For more information on my personal reasons for putting this information together, see Part 1 of the series.
In this article, Part 8 of the series, I will share the nutrients that have the ability to naturally trigger apoptosis in breast cancer cells. Apoptosis is programmed cell death, which normal cells exhibit. It’s the ability to self-destruct if they receive signals that the replication process is occurring too rapidly. Tumor cells lose this ability, and this contributes to their rapid growth rate. Due to so many researchers across the world spending time investigating natural substances, we know which ones have the ability to trigger apoptosis in breast cancer cells.
PART 8 – NUTRIENTS THAT TRIGGER APOPTOSIS IN BREAST CANCER CELLS
Alpha linolenic acid – from buckwheat bran, chia, chickpeas, flaxseed, green beans, hemp seeds, macadamia nuts, peas, pecans, pistachio nuts, pumpkin seeds, quinoa, red beans, soybeans, walnuts [1], [2]
Amygdalin – from apricot kernels (inside the seed), bitter almonds, buckwheat, cashews, chickpeas, flaxseed, lentils, lima beans, macadamia nuts, pecans, walnuts [3]
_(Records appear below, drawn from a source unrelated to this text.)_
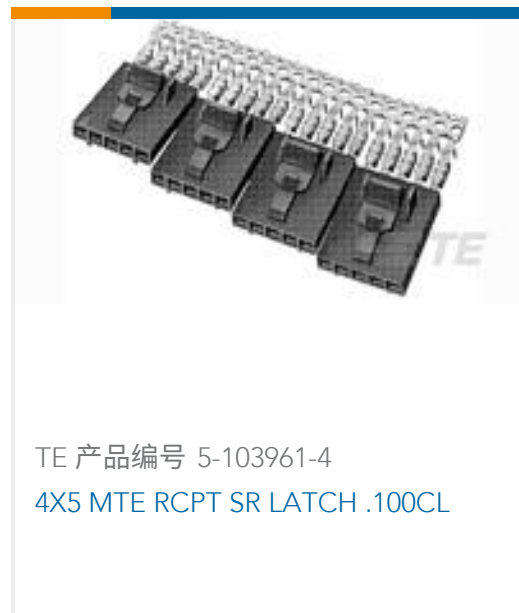
TE 产品编号 5-103961-4 4X5 MTE RCPT SR LATCH .100CL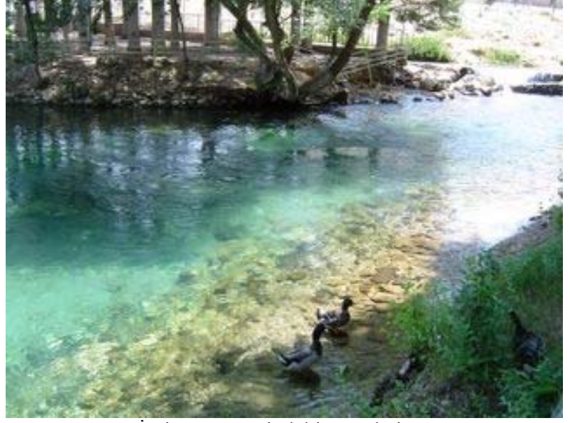
İvriz çayı üzerindeki su göleti

Saat 13:00'de Deli Mahmutlu'ya gitmek üzere İvriz'den ayrıldık. Saat 13:09'da Halkapınar, Büyük Doğan köyü, 13:25 Köser köyü, 13:41 Osman Köseli köyüne, 13:50'de de Delimahmutlu'ya ulaştık. Sırt çantalarımızı traktöre yükledikten sonra 14:00'da Deli Mahmutlu'dan kamp kuracağımız Arap Çukuru'na kadar yürüdük. Saat 15:40'da Arapçukuru'na ulaştık. Aydos'un (3480 m) alt ucunda olan bu kamp yerinin rakımı 1500 m. Çadırlarımızı kurduktan sonra biraz istirahat ettik. Saat 17:30'da Delimahmutlu çayının kaynağına doğru yaklaşık bir saatlik bir yürüyüş yaptık.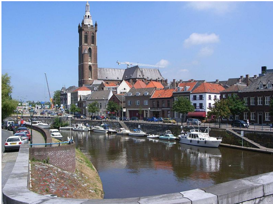
Roermond met de Roer en de St. Christoffelkathedraal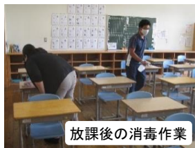
放課後の消毒作業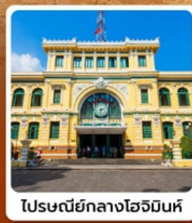
ไปรษณีย์กลางโฮจิมินห์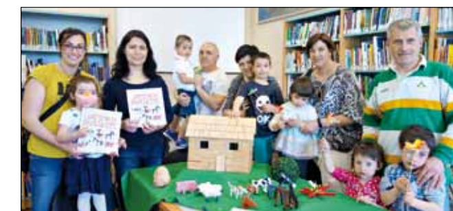
Fattoria delle mollette

biblioteca@grassobbio.eu - Vi aspettiamo!

Anthocyanins – from acai, Anasazi beans, apples, bananas, black beans, bilberries, black raspberries, black rice, blackcurrants, blueberries, chickpeas, cranberries, elderberries, grapes, kidney beans, pigeon pea leaves & seeds, pomegranates, purple beans, purple carrots, purple sweet potatoes, sorghum bran, strawberries, walnuts [4]
Apigenin – from celery, chamomile tea, chickpeas, grapefruit, onions, oranges, parsley, peas, pigeon pea leaves, rice bran, sorghum bran [5]
Berberine – from goldenseal, barberry, Oregon grape, Huang bai, tree turmeric [6], [7]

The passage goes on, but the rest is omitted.